15.11.2018 || Startseite -> Nachrichten aus duesseldorf -> lokales -> Hendricks: Kampf gegen Erwärmung wichtiger als Anpassung

Hendricks: Kampf gegen Erwärmung wichtiger als Anpassung

Klimaforscher: Zwei-Grad-Ziel kaum noch erreichbar

Umweltministerin Hendricks gibt dem Kampf gegen die Erderwärmung weiterhin Vorrang vor der Anpassung an deren Folgen.

Berlin - "Eine verantwortungsvolle Klimapolitik muss erstens weiterhin alles tun, um den Klimawandel zu bekämpfen und damit seine Folgen soweit es geht zu begrenzen", sagte Hendricks der "Neuen Osnabrücker Zeitung". An zweiter Stelle müsse sie sich allerdings "auch auf die bereits heute unvermeidbaren Folgen von Klimaveränderungen vorbereiten". Dabei gelte jedoch der Satz: "Anpassung wird teurer als Vermeidung".

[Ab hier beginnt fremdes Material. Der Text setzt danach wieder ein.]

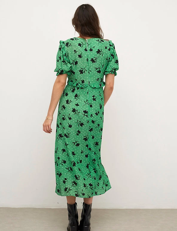 This tea dress by Nobody’s Child catches the eye with its fresh floral and polka dot print. It’s designed in a regular fit and falls to an on-trend midaxi length. Frill detailing on the waist and gently puffed short sleeves add to the softer aesthetic of the dress. A simple round neckline and discreet back zip complete the piece. Made with sustainably sourced viscose. Nobody’s Child designs are cut to a form-fitting shape, so if you’re looking for a more relaxed fit, we recommend choosing the next size up.
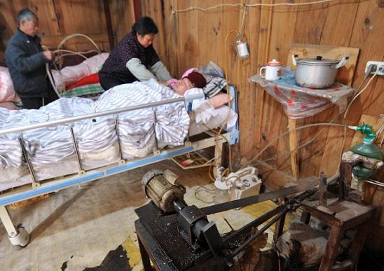在出车祸后的两年时间里,老付夫妇一直陪着儿子住在台州市中心医院的重症监护室里,每天只有下午的三点钟到四点钟这一小时可以进去探望儿子。看着重症监护室里的儿子,王兰芹几乎每天以泪洗面。可是,儿子的情况一点也没有好转,就这么住在医院也不是个办法,老两口一心想着儿子能够痊愈,在台州市中心医院住了两年后,他们带着付学朋开始辗转于上海的一些大型医院求医。
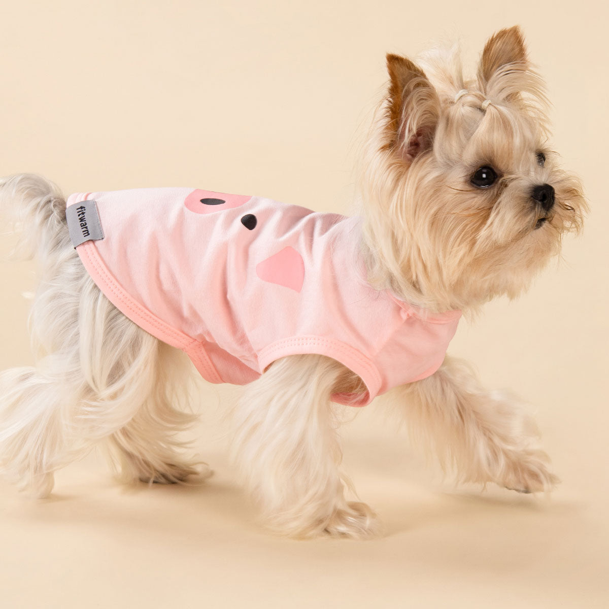 Yorkshire Terrier in pink pig face dog shirt from Fitwarm. Breathable and comfortable dog summer clothes.
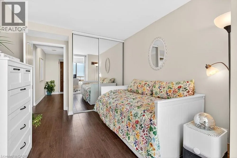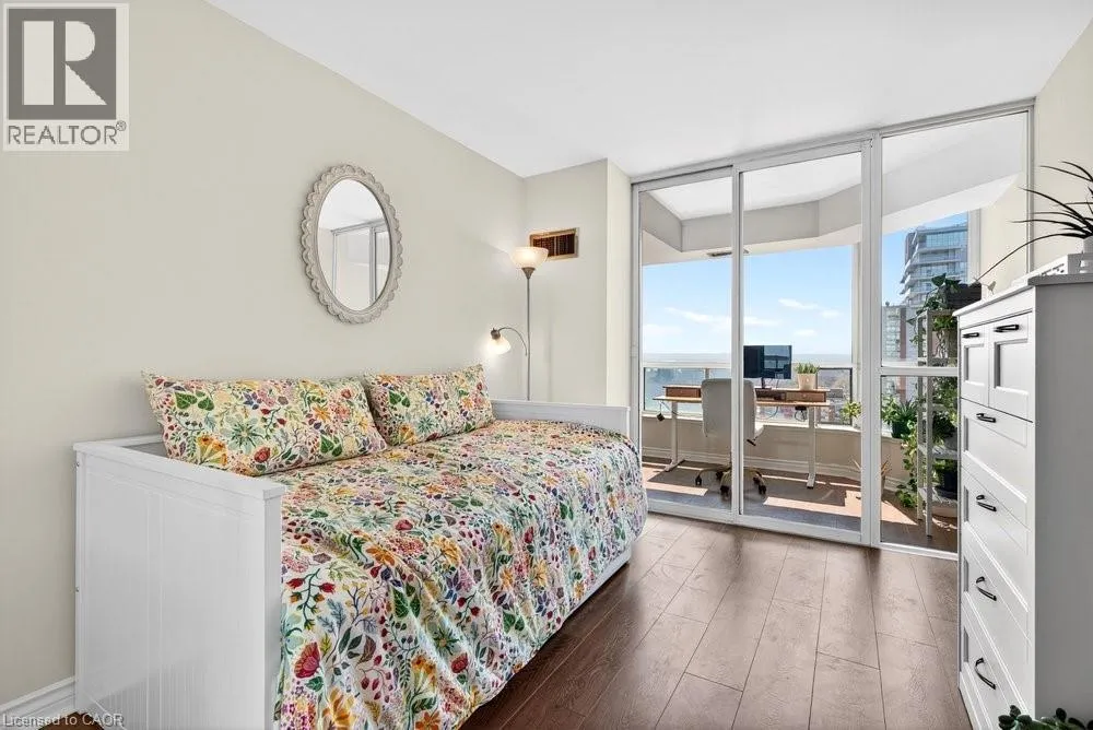 Live the best of Burlington in this sought-after Grand Regency condo steps to Lake Ontario & vibrant downtown. This bright, 2 bed, 2 bath + den suite showcases floor-to-ceiling windows with stunning south-facing lake views, including from the private den and has approximately, 1100 sq ft of living space. Enjoy a spacious open-concept layout with a large kitchen featuring stainless
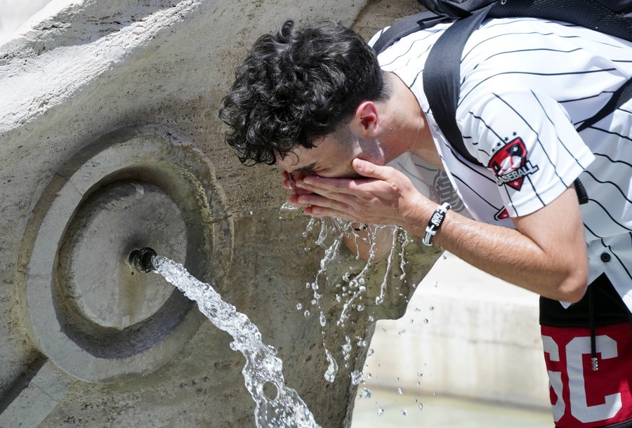 A man refreshes himself with water from the Barcaccia Fountain in the Piazza di Spagna in Rome, Italy, on July 10, 2023. (Xinhua/Jin Mamengni)
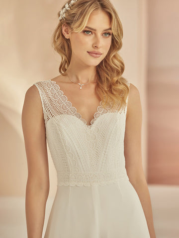 Step into timeless elegance with the Danube Bridal Jumpsuit by Bianco Evento. Crafted from high-quality lace and satin crepe, this modern alternative to the classic wedding gown offers effortless sophistication. The V-neckline, sleeveless lace bodice, and open scalloped back create a romantic silhouette, while the flowing palazzo-cut pants bring comfort and movement. Perfect for civil ceremonies, destination weddings, or minimalist brides seeking a chic, contemporary look.
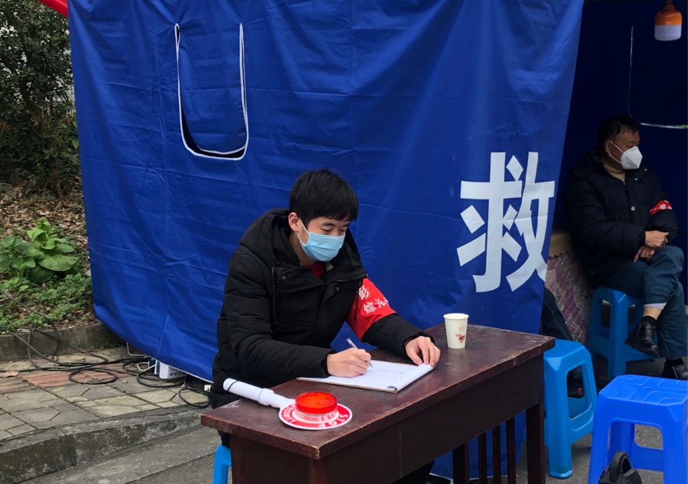 钟逸潇所在的社区是四川省成都市彭州通济镇景山社区。自2月12日起至今,他每天早上七点至中午十二点到社区门口进行外来人员车辆排查、跟随支部进行疫情情况普查、对外地回归人员进行跟踪观察、开展爱心捐款等工作,在做志愿者工作期间,虽然工作繁杂琐碎、费心劳神,但正因如此才让我真正能够理解了抗疫一线工作人员的辛苦与付出!

Pessimistisch äußerte sich der Kieler Klimaforscher Mojib Latif. Er warf den Politikern vor, sie hätten sich "längst von der Klimarettung verabschiedet". Latif wies in der "NOZ" darauf hin, dass der CO2-Ausstoß seit 1990 nicht nur nicht gesunken sei, sondern vielmehr um rund 60 Prozent zugenommen habe. Die offiziell von der Staatengemeinschaft anvisierte Begrenzung der Erderwärmung auf zwei Grad sei daher bereits jetzt eine Illusion.

Der Weltklimarat IPCC stellt am Montag im japanischen Yokohama den zweiten Teil seines neuen Sachstandsberichts vor, in dem es um Gefahren und Risiken durch die Erderwärmung sowie um mögliche Anpassungsmaßnahmen geht. Latif verwies auf das Paradox, dass die Politik angesichts dieser Gefahren weitgehend untätig bleibe, während an anderer Stelle bereits konkrete Konsequenzen gezogen würden. So befasse sich das US-Militär schon mit Auswirkungen des Klimawandels auf die globale Sicherheitslage.

Die einzige Hoffnung für ein Umsteuern sieht der Klimaforscher in neuen technologischen Entwicklungen: Nur eine "technische Revolution, die in absehbarer Zeit eine Loslösung von fossilen Energieträgern ermöglicht", könne den Klimawandel spürbar bremsen.